State’s Educational Attainment Inexorably Linked to Poverty, Unemployment

2014/12/28 – STARKVILLE – Since we’re headed into a courthouse-to-statehouse election year in Mississippi, the political conversation will of course turn to who is responsible for any and every thing that’s not to the liking of the state’s electorate.

Democrats tell us that Mississippi’s troubling unemployment numbers are the fault of Republicans in control of the legislative and executive branches of government in Mississippi. Republicans tell us that Mississippi’s health care disparities are the fault of Democratic President Barack Obama and fellow Democrats who supported the Affordable Care Act.

The finger-pointing will continue, such is the political process.

But there’s one correlation in Mississippi that’s been true all of my life and that’s the undeniable fact that our state ranks at or near the bottom in most economic indices and likewise we rank at or near the bottom in educational attainment.

Here’s what a recent 24/7 Wall St. website analysis found: “Based on recently released educational attainment data from the Census Bureau’s American Community Survey, West Virginia had the lowest level of educational attainment, with 18.9 percent of adults 25 and older having attained at least a bachelor’s degree in 2013. Conversely, more than 40 percent of Massachusetts residents had at least a bachelor’s degree, the highest percentage nationwide.”

So Massachusetts led the nation in educational attainment, has a median household income of $66,768 (6th highest in the U.S.) and only 11.9 percent (11th lowest in the nation) living below the poverty level.

Conversely, Mississippi has the second-lowest educational attainment in the country, finishing second to West Virginia. Mississippi has a median income of $37,963 (lowest in the nation) and 24 percent living below the poverty level (highest in the nation).

So how did the 24/7 Wall St. writers assess the Magnolia State? “Nearly one in four Mississippi residents lived in poverty last year, by far the highest rate in the nation. More than 35 percent of people without a high school diploma in the state lived in poverty, also the highest rate compared to all other states.

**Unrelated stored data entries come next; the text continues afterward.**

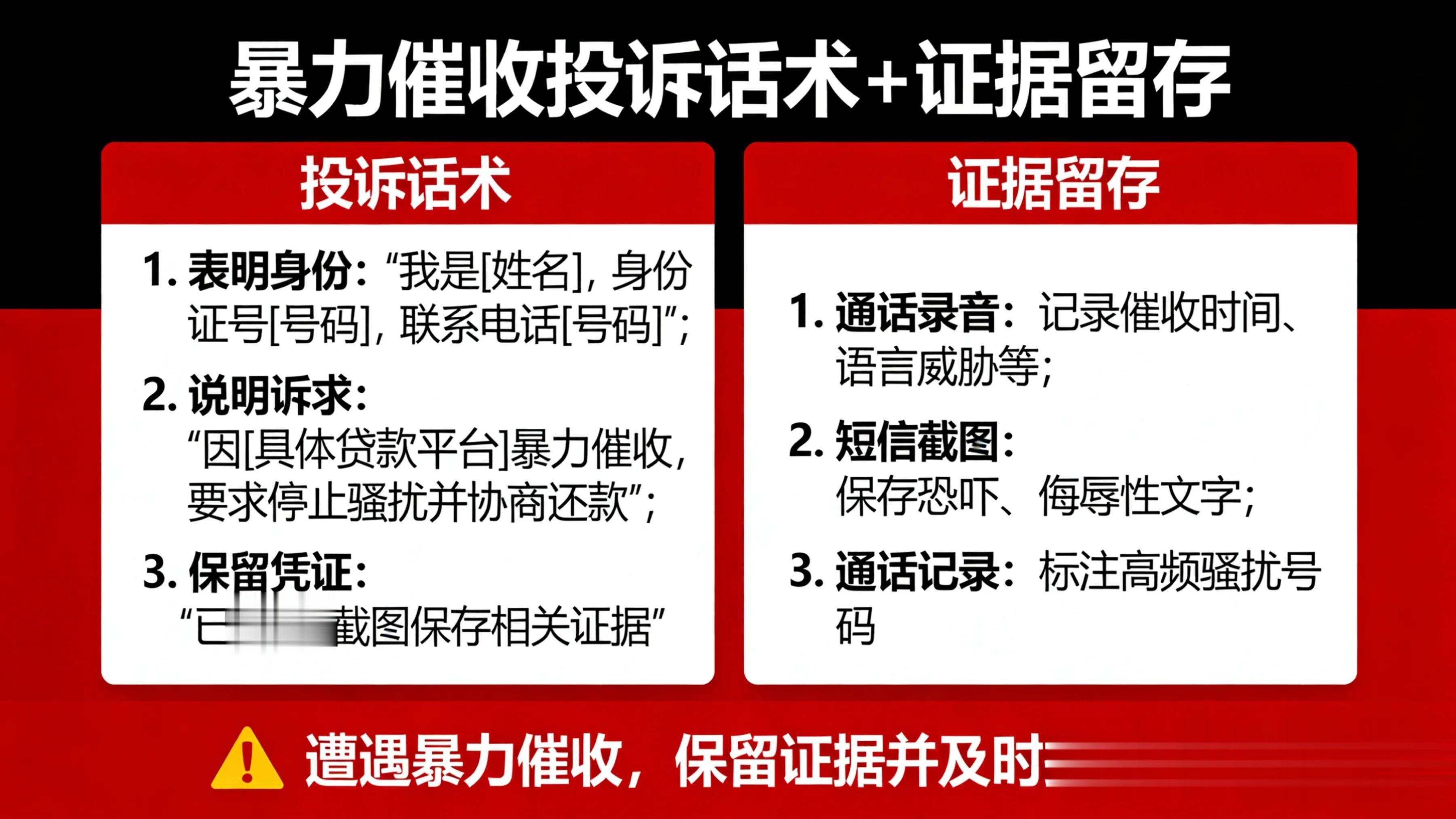 如果你正被催收上门威胁,或家人被骚扰,别慌!评论区扣“维权”,我发你《暴力催收投诉话术模板》和《证据留存指南》,手把手教你保护自己和家人!关注我,下期手把手教你:信用卡逾期怎么谈停息分期,最长分60期!觉得有用,一定要转发给身边正在逾期的朋友,别让他们再被催收的恐吓话术骗了!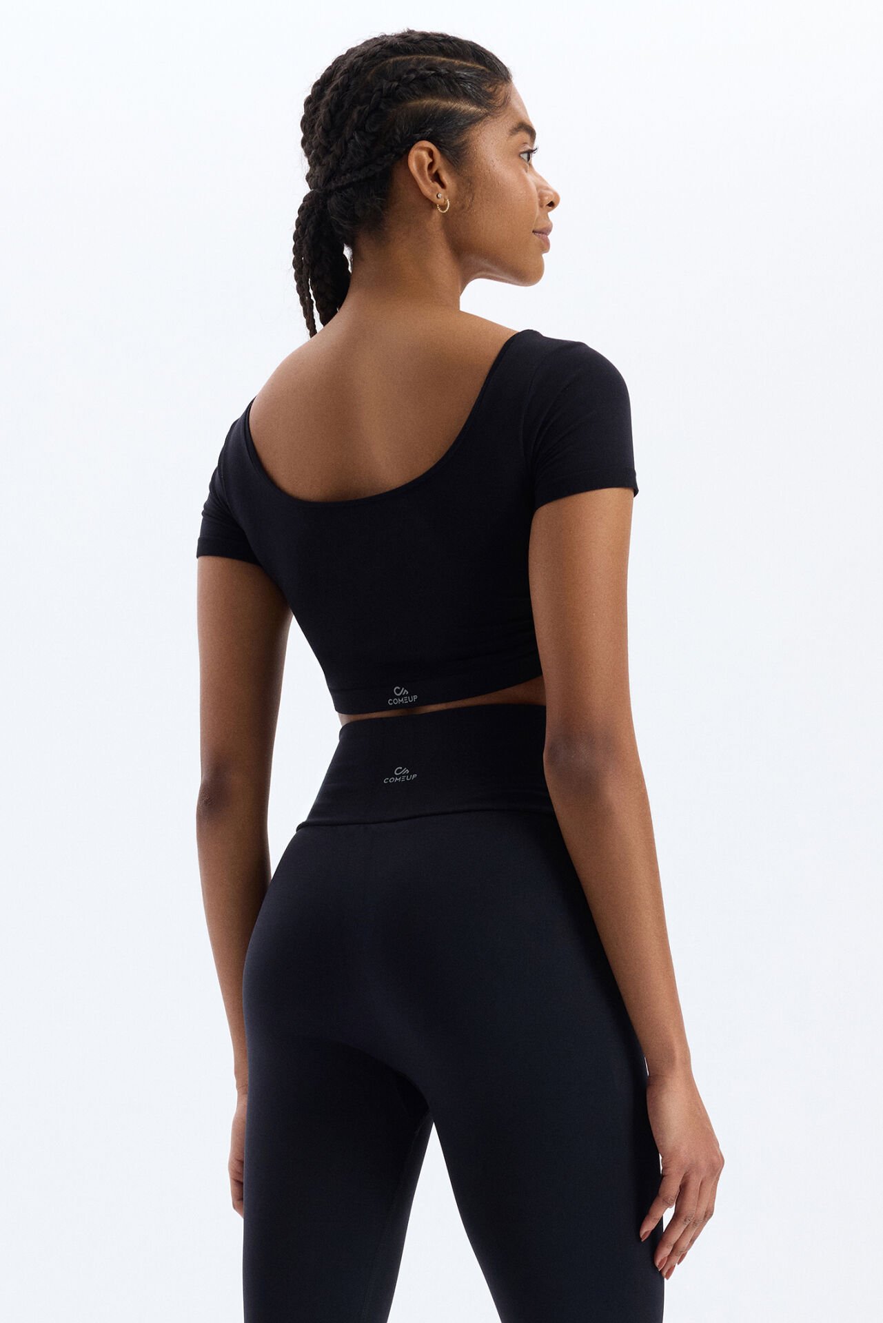 Takıp çıkarılabilir göğüs pedleri sayesinde kişisel ihtiyaçlarına göre şekillenebilen siyah kısa kollu crop top, dikişsiz ve yüksek esnek kumaşıyla hareket özgürlüğü sunar.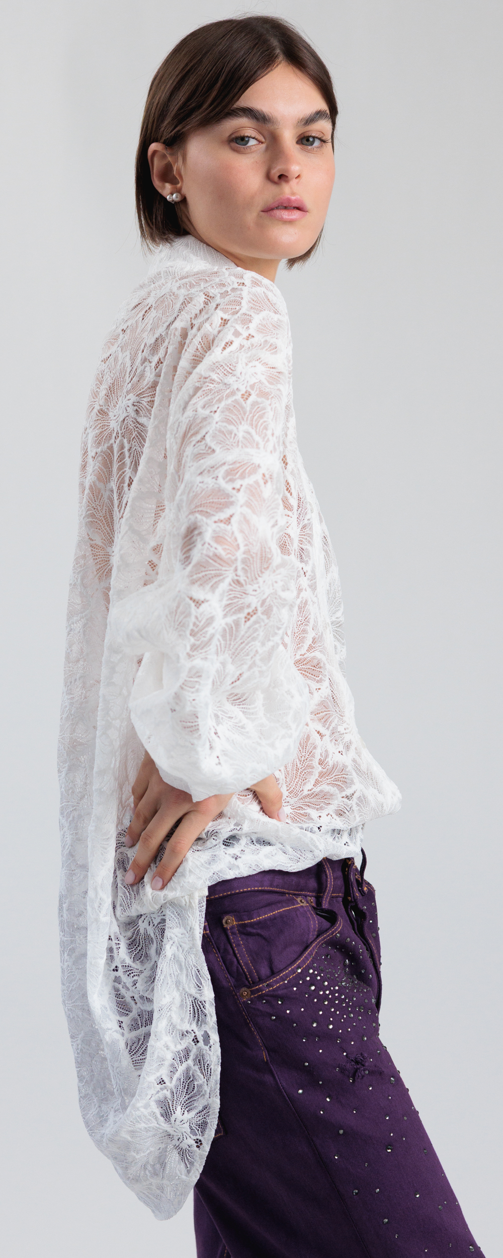 Pizzo bianco con disegni floreali.

“The poverty rate was substantially lower for residents with at least a bachelor’s degree, at just 6.7 percent. When compared to educated residents in other states, however, this was still among the highest rates in the country. Even residents with the highest level of educational attainment — professional or graduate degrees — earned considerably less than those in other states.

“The median earnings of Mississippi residents with such degrees was less than $48,000 last year, the lowest nationwide,” the 24/7 Wall St. writers concluded.

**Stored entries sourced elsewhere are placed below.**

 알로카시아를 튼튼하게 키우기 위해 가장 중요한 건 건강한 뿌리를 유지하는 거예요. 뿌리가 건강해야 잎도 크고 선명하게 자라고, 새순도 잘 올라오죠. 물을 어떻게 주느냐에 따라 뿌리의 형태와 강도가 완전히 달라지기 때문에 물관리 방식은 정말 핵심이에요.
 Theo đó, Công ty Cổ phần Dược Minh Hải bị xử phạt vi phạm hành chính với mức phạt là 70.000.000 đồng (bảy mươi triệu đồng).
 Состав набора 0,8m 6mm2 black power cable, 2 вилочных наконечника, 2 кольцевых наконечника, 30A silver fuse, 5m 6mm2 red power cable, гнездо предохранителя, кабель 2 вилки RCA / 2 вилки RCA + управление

The conclusion that low educational attainment, poverty and joblessness go hand-in-hand is inescapable. When I was a child, Democrats enjoyed the same dominance in state government that Republicans enjoy today.

So the finger-pointing is, in most cases, simply political posturing.

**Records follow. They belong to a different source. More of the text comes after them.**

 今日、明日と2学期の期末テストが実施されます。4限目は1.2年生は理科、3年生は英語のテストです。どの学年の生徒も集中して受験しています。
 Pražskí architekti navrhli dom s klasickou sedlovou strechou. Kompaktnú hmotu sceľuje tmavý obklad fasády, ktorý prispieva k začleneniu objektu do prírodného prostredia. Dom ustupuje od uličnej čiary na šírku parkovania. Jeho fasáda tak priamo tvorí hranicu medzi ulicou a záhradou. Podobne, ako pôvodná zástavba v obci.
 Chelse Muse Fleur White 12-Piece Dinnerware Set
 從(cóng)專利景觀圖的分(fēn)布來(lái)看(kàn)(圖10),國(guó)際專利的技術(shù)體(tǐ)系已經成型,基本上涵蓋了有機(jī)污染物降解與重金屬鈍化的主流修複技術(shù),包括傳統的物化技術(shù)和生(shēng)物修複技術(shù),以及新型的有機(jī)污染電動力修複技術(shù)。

As former Gov. William Winter and others in both parties have observed in the past, the road out of abject, withering and persistent poverty in Mississippi surely runs by the doors of the schoolhouse, the community college, the vocational-technical training facilities and the university. An educated workforce attracts and commands more and better jobs.

But as clear as the evidence is of the correlation between educational attainment and poverty, lawmakers face other vexing issues in a volatile election-year session in 2015.

The issues are varied and include prisons and public corruption, public health care and the future of the state’s rural hospitals, the state’s infrastructure and the future of funding for that system, and many other challenges.

The good news is that unlike some prior years – and likely some future years as well – the Legislature has some resources with which to address the larger problems this year. While employment numbers remains troublesome, the state’s revenue stream has been steady – indicative of a trajectory of fiscal recovery in the state’s economy.